— Task material —
-*-
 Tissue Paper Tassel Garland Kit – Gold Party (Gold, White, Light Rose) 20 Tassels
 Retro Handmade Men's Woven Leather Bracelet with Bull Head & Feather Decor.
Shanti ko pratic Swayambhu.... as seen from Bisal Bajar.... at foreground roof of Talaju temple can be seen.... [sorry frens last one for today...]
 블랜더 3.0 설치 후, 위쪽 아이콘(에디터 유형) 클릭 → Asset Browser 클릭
-*-
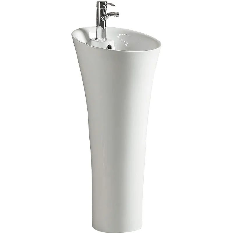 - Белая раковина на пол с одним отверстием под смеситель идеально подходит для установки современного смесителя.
-*-
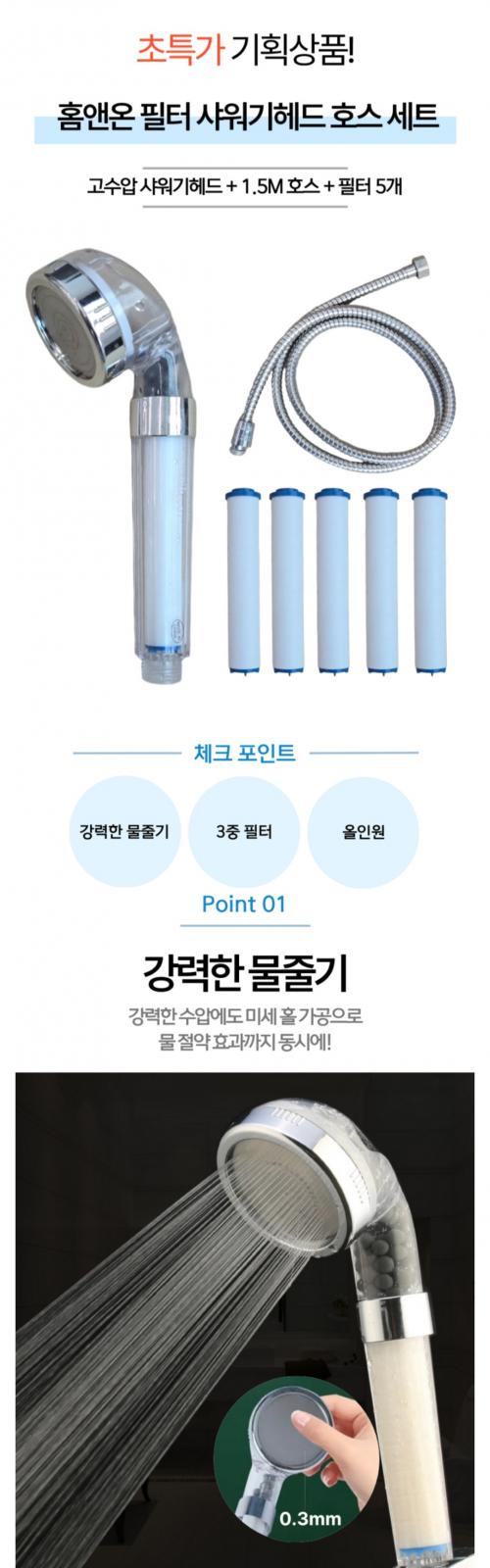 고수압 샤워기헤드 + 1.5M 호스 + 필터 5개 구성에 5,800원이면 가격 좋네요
-*-
— Task details —
Could you restate word for word the lines above from the one containing "Tissue Paper Tassel" through the one containing "블랜더 3.0 설치 후, 위쪽", both included, and nothing else?

— Problem solution —
 Tissue Paper Tassel Garland Kit – Gold Party (Gold, White, Light Rose) 20 Tassels
 Retro Handmade Men's Woven Leather Bracelet with Bull Head & Feather Decor.
Shanti ko pratic Swayambhu.... as seen from Bisal Bajar.... at foreground roof of Talaju temple can be seen.... [sorry frens last one for today...]
 블랜더 3.0 설치 후, 위쪽 아이콘(에디터 유형) 클릭 → Asset Browser 클릭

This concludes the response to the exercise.